WHAT IS NEEDED:
Taking the line with "なぜなぜ分析は、インシデント" as the first and the line with "9月6日上午,市人民检察院举" as the last, set down the lines below exactly, pictures excluded.

INFORMATION GIVEN:
::::
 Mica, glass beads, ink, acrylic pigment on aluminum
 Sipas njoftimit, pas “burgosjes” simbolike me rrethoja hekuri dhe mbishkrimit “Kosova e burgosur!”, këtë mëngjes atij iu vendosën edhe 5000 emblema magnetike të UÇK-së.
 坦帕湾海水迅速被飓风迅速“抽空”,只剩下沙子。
::::
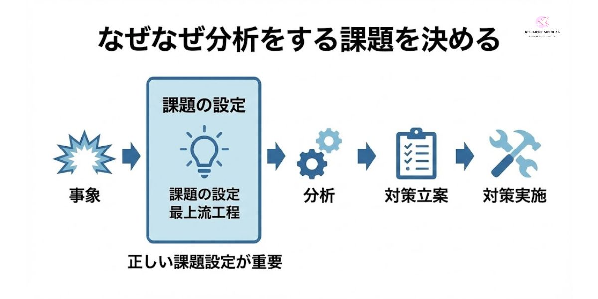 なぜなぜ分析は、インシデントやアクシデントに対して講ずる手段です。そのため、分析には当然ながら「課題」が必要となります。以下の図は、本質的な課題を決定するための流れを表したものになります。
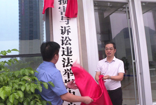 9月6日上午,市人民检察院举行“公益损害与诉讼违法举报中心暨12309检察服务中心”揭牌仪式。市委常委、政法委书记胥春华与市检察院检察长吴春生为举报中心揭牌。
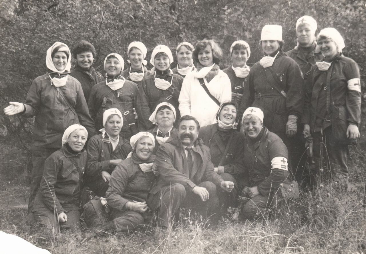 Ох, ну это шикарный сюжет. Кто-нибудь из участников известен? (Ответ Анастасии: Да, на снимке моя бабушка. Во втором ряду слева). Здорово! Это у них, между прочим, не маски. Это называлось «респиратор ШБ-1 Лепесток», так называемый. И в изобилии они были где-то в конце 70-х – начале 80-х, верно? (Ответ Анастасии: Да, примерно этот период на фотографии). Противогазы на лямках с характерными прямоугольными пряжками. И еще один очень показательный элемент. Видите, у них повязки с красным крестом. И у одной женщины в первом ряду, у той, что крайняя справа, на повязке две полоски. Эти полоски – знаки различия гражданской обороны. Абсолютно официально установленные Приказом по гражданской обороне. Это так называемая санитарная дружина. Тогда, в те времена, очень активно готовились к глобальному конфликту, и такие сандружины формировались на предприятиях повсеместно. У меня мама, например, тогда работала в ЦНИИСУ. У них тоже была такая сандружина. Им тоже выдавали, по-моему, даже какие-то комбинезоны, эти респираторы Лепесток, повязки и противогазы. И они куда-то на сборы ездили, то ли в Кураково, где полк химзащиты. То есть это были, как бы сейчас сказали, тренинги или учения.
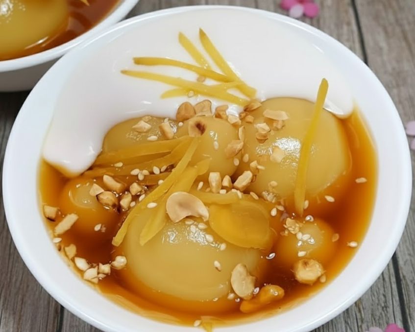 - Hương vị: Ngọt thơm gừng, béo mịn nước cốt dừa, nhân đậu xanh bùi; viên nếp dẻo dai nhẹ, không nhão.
::::
TASK RESULT:
 なぜなぜ分析は、インシデントやアクシデントに対して講ずる手段です。そのため、分析には当然ながら「課題」が必要となります。以下の図は、本質的な課題を決定するための流れを表したものになります。
 9月6日上午,市人民检察院举行“公益损害与诉讼违法举报中心暨12309检察服务中心”揭牌仪式。市委常委、政法委书记胥春华与市检察院检察长吴春生为举报中心揭牌。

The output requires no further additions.